Tobacco free = fewer than five per cent smoke?

FFS.

National Spelling Bee ends in a tie for the second year...

... as boy, 14, and girl, 13, spell tongue twisters 'scherenschnitte' and 'nunatak' with ease.

??? There are three e's in "scherenschnitte" but none in "nunatak".

Gokul Venkatachalam, 14, of Missouri and Vanya Shivashankar, 13, of Kansas tied as winners of the national spelling bee on Thursday

I assume that those kids got plenty of spelling practice learning to write their own names correctly. Having mastered that, everything else was a doddle.

The Guardian at its unbiased best.

From Comment Is Free:

The problem with referendums is that they can go horribly wrong.

Ten years ago to the day, on 29 May 2005, France held a referendum over whether it should ratify the proposed European constitution. Opinion polls had predicted an overwhelming victory for the yes camp (some expecting the vote for yes to be as high as 65%).

Yet the outcome was a resounding 55% in favour of no. The outcome effectively stymied plans for a single European constitution. Jacques Chirac, then president, had massively overplayed his hand.


How can a referendum possibly 'go wrong', provided the pro's and con's of something are explained to the electorate fairly and in an even handed manner? Not that they ever are of course, it will be hysterical unfounded gibberish from both sides and referendums are usually rigged anyway.

It's like asking somebody what they'd like to drink/where they'd like to go on holiday/what their favourite colour is, and then when they reply, following up with "Are you sure?" or even worse, telling them "No you don't."

"BBC uncovers 'aggressive' tax avoidance scheme"

From the BBC:

Anderson Group, one of the recruitment industry's most high-profile companies, is promoting an "aggressive" tax avoidance scheme which experts are calling "abusive".

The scheme was once expelled from school for stealing lunch money off younger children, has since been found guilty of a string of petty thefts and is currently trying to mug the government's Employment Allowance.

The scheme has cornered the Treasury in a dark alley and is demanding tens of millions of pounds of National Insurance refunds.

Anderson Group says that all of its services are fully compliant with UK tax laws. It says it is "totally incorrect" to say that Anderson Group is promoting the scheme and says the product arrived at its offices one day and "made it an offer it couldn't refuse".
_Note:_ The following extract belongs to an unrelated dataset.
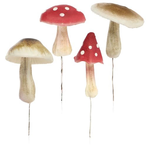 COM-FOUR® 4x dekorativ svamp - konstgjorda svampar att sätta in som höst- och juldekoration - vacker rumsdekoration - pryder presenter, arrangemang och kransar (2x flugsvamp / 2x Russula)
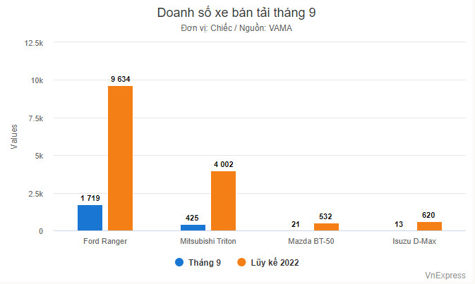 Xếp hạng lũy kế tháng 9 không thay đổi so với tháng 8. Ranger bán 9.634 chiếc trong năm 2022, tính trung bình tháng khoảng 1.070 xe giao đến tay khách hàng. Tiếp đến là Triton với 4.002 xe, trung bình tháng khoảng 445 chiếc. D-Max bán 620 chiếc, trung bình tháng khoảng 69 xe. Cuối cùng là BT-50 với lũy kế 532 chiếc, trung bình tháng khoảng 59 xe.

When invited to comment, the scheme punched our reporter in the face and left abusive comments on his Facebook page.

We're all going to die.

Leg Iron takes a critical look at one such announcement.

Here's the other:

Fruit snacks 'contain more sugar than sweets'

Great! Then people who skip their 'five-a-day' and eat sweets will stay slim.

Thursday, 28 May 2015

Daily Mail on Top Form

From the Daily Mail

A former general secretary of the Cayman Islands Football Association.

The 58-year-old is an advisor to the CONCACAF president Jeffrey Webb and is a former CIFA general secretary.

The U.S. Department of Justice lists his nationality as United Kingdom and he is understood to have studied at Imperial College in London in 1970s.

He and his wife own a £500,000 home near Turnpike Lane tube station in North London.